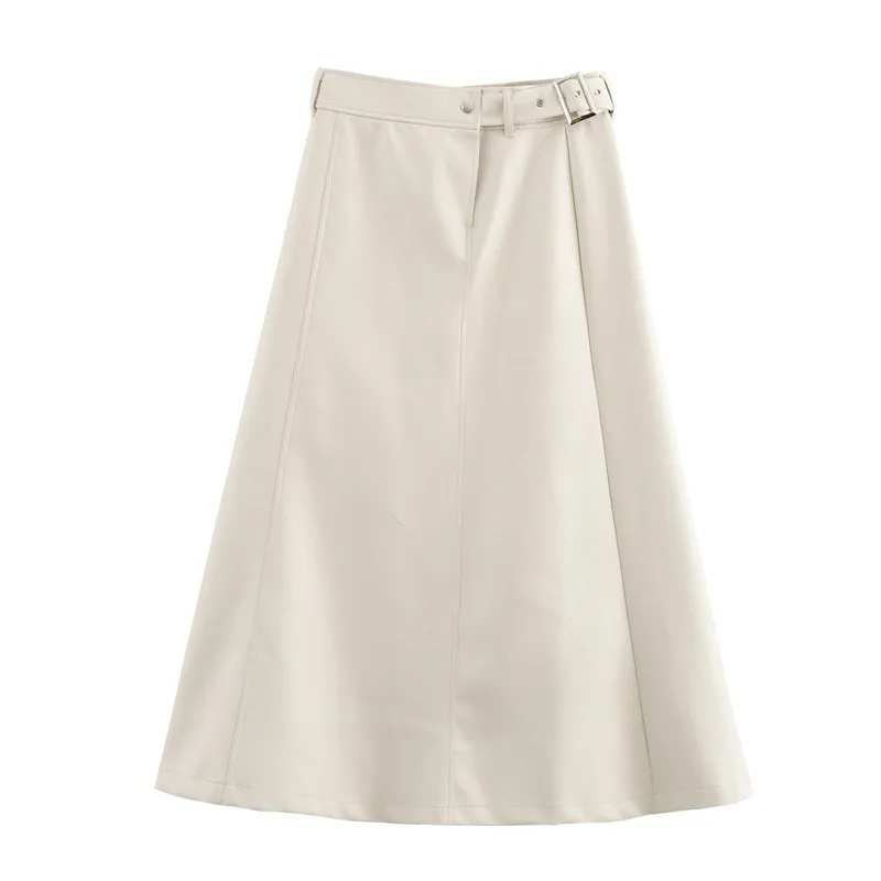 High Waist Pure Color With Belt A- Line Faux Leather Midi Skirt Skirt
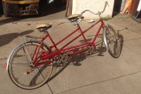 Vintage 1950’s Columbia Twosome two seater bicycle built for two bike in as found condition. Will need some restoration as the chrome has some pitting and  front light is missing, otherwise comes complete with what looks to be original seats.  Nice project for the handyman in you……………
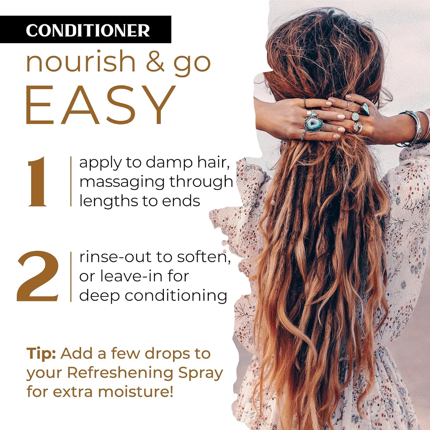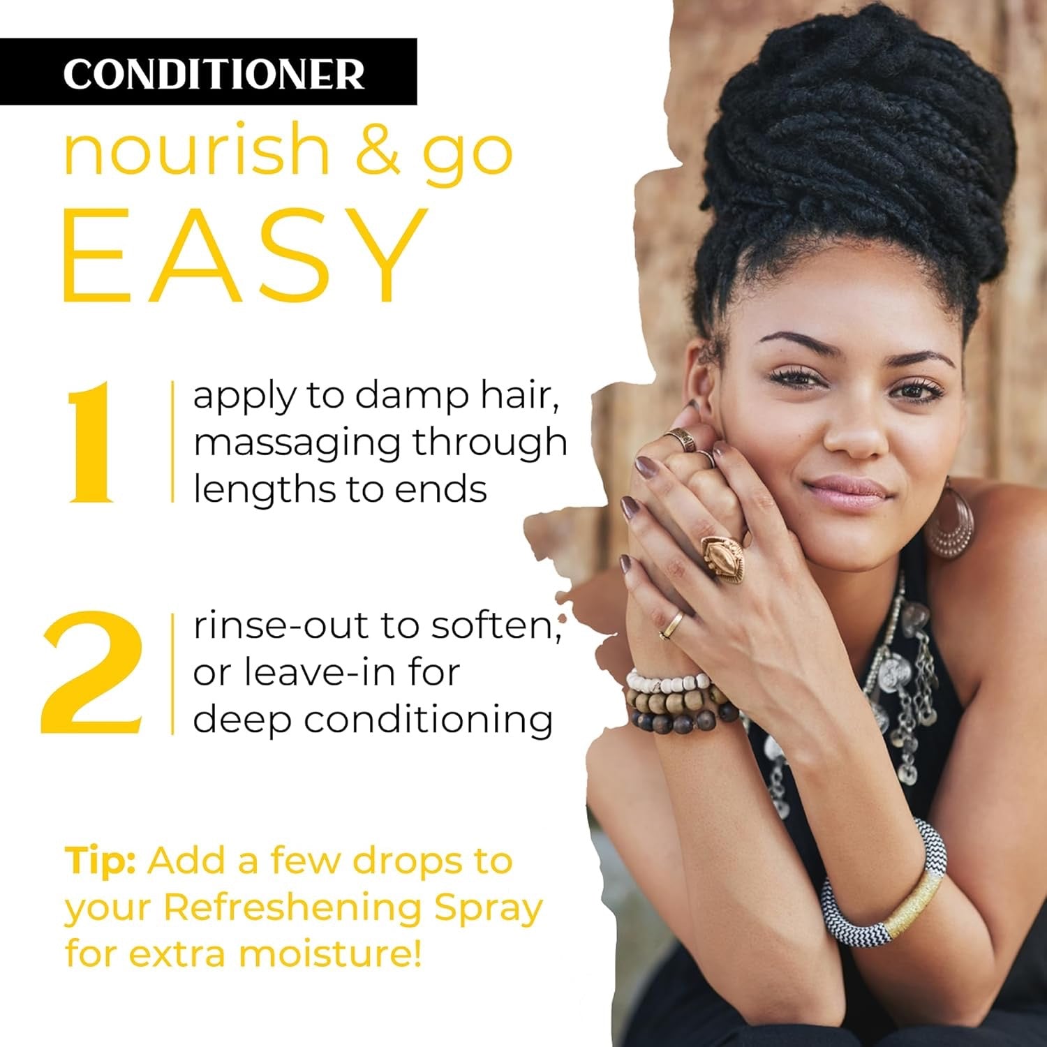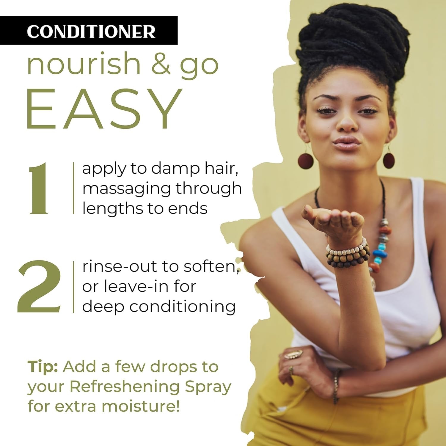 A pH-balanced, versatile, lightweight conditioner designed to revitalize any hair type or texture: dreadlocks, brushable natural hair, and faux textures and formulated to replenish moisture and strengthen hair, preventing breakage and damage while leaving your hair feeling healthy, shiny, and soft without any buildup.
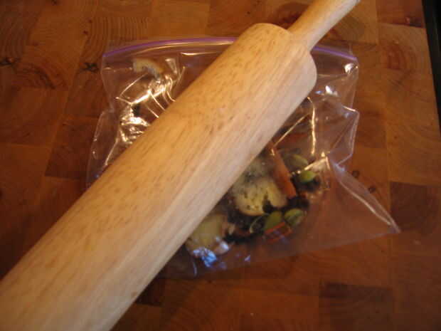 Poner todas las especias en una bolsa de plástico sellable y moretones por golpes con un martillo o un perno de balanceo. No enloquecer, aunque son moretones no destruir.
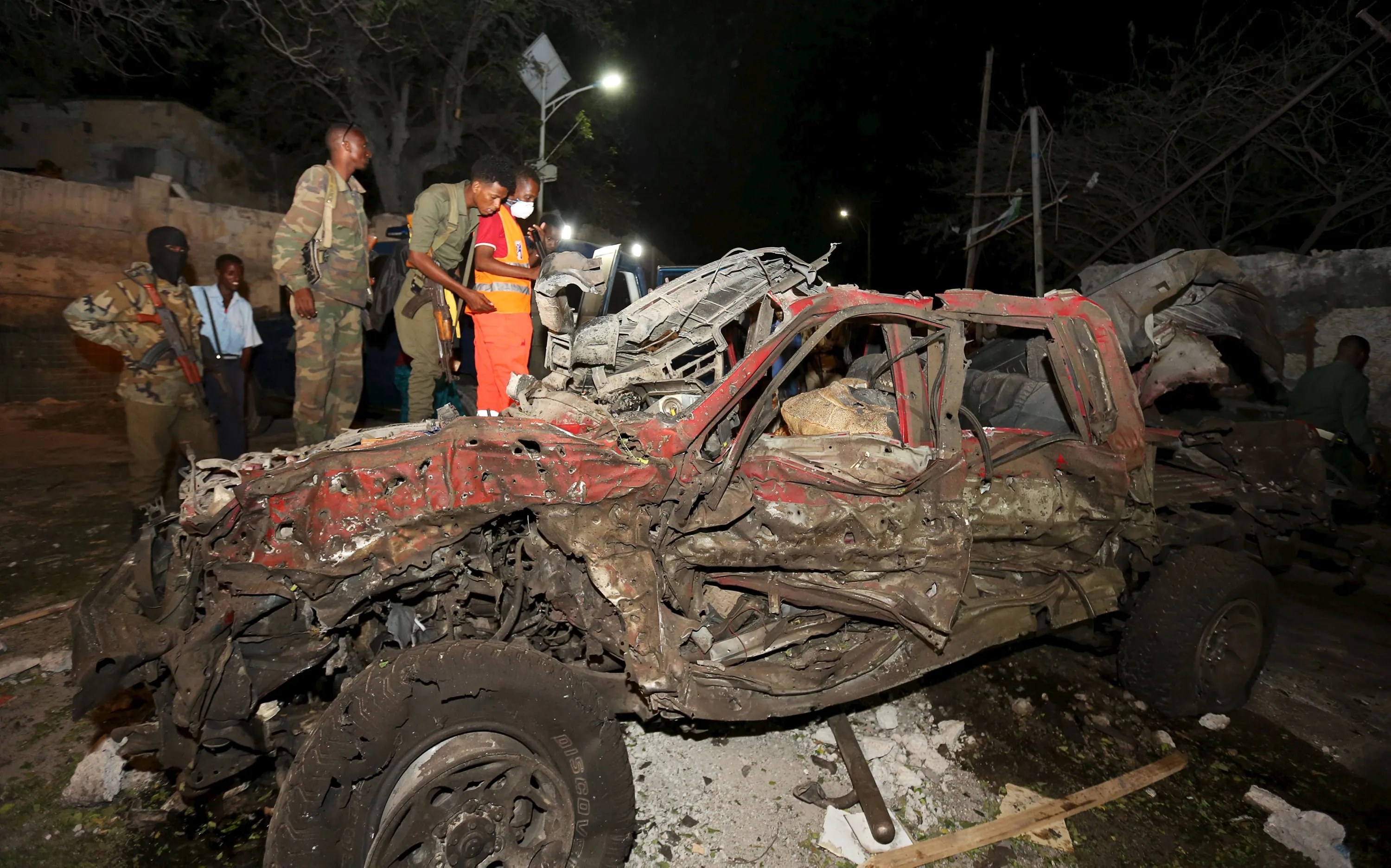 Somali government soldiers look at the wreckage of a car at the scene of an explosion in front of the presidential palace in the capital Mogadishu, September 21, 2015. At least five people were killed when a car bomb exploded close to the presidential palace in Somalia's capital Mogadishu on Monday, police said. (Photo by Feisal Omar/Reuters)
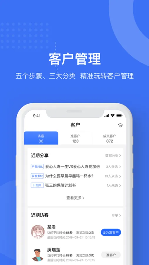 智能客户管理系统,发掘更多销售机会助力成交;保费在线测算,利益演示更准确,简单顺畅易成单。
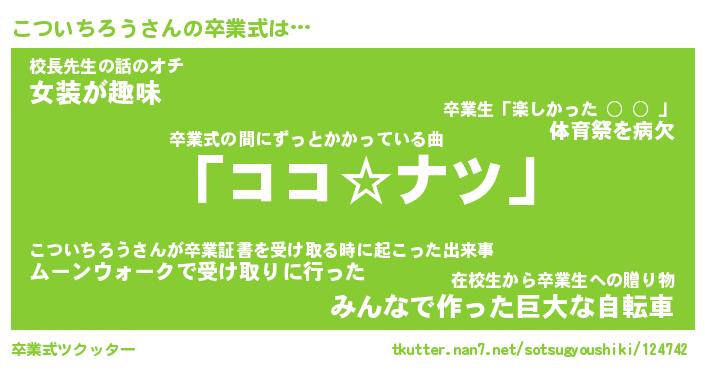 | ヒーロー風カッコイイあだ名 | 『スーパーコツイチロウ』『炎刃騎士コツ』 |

********

WHAT YOU NEED TO DO: Starting at the top of the listing above, reproduce each line up to and including the one with "Poner todas las"; omit the pictures.

WRITTEN ANSWER:
 High Waist Pure Color With Belt A- Line Faux Leather Midi Skirt Skirt
 Vintage 1950’s Columbia Twosome two seater bicycle built for two bike in as found condition. Will need some restoration as the chrome has some pitting and  front light is missing, otherwise comes complete with what looks to be original seats.  Nice project for the handyman in you……………
 A pH-balanced, versatile, lightweight conditioner designed to revitalize any hair type or texture: dreadlocks, brushable natural hair, and faux textures and formulated to replenish moisture and strengthen hair, preventing breakage and damage while leaving your hair feeling healthy, shiny, and soft without any buildup.
 Poner todas las especias en una bolsa de plástico sellable y moretones por golpes con un martillo o un perno de balanceo. No enloquecer, aunque son moretones no destruir.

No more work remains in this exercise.